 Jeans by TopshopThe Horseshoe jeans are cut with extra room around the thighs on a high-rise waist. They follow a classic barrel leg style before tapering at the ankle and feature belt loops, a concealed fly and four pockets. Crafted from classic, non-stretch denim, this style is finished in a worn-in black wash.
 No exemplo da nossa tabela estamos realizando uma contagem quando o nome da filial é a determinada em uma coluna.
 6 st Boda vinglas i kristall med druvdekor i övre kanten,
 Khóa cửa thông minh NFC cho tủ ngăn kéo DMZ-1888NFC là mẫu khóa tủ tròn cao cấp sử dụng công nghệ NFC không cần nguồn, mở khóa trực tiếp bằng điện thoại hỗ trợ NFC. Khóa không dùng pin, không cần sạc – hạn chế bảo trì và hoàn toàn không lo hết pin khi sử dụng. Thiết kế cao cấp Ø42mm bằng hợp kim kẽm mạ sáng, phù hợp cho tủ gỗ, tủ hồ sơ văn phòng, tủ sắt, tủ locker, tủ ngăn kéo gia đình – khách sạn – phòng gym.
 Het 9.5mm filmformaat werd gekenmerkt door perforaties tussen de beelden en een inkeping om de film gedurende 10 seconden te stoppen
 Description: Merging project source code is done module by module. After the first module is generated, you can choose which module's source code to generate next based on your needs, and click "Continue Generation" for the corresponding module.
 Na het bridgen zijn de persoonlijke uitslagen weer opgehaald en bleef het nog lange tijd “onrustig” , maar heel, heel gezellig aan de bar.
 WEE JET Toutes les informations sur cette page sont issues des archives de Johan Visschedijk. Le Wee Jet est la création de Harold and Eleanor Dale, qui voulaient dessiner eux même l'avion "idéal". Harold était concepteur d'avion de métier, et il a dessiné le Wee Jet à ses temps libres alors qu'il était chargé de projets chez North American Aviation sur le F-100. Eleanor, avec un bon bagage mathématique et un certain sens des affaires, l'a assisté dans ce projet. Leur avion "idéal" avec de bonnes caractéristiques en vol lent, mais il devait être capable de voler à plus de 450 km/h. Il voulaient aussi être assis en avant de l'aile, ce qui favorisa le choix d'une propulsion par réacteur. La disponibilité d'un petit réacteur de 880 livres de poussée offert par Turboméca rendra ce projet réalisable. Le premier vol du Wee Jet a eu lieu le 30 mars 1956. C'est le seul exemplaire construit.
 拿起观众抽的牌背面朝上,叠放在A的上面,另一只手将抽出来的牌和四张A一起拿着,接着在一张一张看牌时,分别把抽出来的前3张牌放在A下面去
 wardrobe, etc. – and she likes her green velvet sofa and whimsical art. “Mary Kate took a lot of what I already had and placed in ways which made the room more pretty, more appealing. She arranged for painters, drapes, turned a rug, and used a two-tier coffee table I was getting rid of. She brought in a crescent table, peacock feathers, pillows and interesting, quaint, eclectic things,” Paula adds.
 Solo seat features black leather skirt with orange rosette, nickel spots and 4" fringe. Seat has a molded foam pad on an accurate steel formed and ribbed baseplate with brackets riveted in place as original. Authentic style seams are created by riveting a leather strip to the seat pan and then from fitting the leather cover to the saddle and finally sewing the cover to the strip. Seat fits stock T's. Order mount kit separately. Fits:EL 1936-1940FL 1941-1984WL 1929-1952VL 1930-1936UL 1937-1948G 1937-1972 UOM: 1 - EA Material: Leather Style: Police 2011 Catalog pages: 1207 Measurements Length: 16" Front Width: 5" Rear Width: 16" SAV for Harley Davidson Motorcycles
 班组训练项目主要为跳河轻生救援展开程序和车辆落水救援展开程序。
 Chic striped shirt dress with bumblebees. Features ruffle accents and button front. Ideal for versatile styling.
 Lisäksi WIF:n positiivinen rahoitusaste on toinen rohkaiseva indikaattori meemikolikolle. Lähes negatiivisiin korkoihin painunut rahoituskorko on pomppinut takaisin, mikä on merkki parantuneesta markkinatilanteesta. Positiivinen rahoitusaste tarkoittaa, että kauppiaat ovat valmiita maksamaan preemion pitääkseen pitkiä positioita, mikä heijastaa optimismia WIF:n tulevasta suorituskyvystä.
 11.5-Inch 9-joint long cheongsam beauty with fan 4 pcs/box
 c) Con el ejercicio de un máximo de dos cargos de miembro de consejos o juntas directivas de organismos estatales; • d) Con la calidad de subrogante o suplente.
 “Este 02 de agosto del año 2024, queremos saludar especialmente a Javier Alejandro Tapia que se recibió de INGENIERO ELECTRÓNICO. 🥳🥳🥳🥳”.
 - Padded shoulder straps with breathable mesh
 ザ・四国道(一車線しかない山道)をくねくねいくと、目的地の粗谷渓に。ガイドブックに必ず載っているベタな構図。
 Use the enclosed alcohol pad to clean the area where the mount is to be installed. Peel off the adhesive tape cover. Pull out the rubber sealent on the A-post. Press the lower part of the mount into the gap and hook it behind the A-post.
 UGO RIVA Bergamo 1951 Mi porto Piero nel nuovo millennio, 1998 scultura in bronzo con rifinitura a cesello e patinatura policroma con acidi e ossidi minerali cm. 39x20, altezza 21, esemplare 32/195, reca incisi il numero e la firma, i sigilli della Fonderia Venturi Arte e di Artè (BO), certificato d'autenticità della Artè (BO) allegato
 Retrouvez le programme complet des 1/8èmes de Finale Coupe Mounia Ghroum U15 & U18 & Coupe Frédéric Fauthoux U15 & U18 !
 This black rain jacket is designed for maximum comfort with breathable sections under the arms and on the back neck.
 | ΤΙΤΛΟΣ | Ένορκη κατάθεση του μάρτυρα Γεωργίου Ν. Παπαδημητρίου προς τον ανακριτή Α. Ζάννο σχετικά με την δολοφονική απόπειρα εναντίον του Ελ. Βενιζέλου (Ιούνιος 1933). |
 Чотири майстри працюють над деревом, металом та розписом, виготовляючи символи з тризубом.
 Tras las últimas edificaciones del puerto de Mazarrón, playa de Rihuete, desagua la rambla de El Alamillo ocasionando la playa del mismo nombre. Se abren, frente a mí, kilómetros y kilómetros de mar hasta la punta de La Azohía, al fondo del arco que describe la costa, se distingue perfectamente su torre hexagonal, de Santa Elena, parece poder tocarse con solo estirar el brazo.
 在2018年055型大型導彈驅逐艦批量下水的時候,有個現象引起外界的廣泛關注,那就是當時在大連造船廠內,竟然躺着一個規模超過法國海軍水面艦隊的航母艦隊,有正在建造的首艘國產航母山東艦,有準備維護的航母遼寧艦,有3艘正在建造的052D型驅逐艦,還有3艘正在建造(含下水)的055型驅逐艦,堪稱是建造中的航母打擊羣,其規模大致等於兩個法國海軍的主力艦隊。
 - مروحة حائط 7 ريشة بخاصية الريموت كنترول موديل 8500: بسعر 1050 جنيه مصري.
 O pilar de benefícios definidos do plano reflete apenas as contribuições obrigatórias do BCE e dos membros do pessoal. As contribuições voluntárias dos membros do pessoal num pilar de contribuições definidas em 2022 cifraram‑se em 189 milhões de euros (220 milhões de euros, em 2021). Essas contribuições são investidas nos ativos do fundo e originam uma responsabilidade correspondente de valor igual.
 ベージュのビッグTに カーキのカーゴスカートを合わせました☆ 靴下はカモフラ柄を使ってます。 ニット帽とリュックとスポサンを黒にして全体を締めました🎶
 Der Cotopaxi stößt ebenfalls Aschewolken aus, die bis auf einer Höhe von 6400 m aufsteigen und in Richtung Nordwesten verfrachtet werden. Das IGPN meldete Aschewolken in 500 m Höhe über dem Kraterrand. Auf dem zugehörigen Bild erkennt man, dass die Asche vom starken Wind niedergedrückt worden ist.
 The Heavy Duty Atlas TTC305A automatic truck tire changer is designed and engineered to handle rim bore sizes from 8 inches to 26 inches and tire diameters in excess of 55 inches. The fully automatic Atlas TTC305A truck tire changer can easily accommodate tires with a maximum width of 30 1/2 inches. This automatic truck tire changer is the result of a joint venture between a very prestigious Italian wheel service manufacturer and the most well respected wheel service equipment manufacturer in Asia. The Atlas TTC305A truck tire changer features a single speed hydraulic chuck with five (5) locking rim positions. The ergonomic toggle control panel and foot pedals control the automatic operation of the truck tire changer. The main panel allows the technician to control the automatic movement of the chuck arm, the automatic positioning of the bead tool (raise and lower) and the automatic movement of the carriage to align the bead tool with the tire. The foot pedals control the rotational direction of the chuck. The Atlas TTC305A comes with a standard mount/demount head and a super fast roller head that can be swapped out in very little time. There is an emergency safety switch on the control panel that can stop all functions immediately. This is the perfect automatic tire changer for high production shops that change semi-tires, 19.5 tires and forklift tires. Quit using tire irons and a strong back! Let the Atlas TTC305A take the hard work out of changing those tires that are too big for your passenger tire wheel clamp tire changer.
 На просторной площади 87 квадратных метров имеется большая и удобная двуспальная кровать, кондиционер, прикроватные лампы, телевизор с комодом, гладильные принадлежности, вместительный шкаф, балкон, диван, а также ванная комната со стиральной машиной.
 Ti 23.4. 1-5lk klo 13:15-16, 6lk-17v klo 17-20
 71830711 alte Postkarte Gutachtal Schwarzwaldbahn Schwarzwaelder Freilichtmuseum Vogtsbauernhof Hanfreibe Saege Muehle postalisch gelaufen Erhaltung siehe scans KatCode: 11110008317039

========

Exercise prompt:
Repeat word for word every line from the start of the entries to the line holding "Na het bridgen", inclusive, and nothing else.

Result of this exercise:
 Jeans by TopshopThe Horseshoe jeans are cut with extra room around the thighs on a high-rise waist. They follow a classic barrel leg style before tapering at the ankle and feature belt loops, a concealed fly and four pockets. Crafted from classic, non-stretch denim, this style is finished in a worn-in black wash.
 No exemplo da nossa tabela estamos realizando uma contagem quando o nome da filial é a determinada em uma coluna.
 6 st Boda vinglas i kristall med druvdekor i övre kanten,
 Khóa cửa thông minh NFC cho tủ ngăn kéo DMZ-1888NFC là mẫu khóa tủ tròn cao cấp sử dụng công nghệ NFC không cần nguồn, mở khóa trực tiếp bằng điện thoại hỗ trợ NFC. Khóa không dùng pin, không cần sạc – hạn chế bảo trì và hoàn toàn không lo hết pin khi sử dụng. Thiết kế cao cấp Ø42mm bằng hợp kim kẽm mạ sáng, phù hợp cho tủ gỗ, tủ hồ sơ văn phòng, tủ sắt, tủ locker, tủ ngăn kéo gia đình – khách sạn – phòng gym.
 Het 9.5mm filmformaat werd gekenmerkt door perforaties tussen de beelden en een inkeping om de film gedurende 10 seconden te stoppen
 Description: Merging project source code is done module by module. After the first module is generated, you can choose which module's source code to generate next based on your needs, and click "Continue Generation" for the corresponding module.
 Na het bridgen zijn de persoonlijke uitslagen weer opgehaald en bleef het nog lange tijd “onrustig” , maar heel, heel gezellig aan de bar.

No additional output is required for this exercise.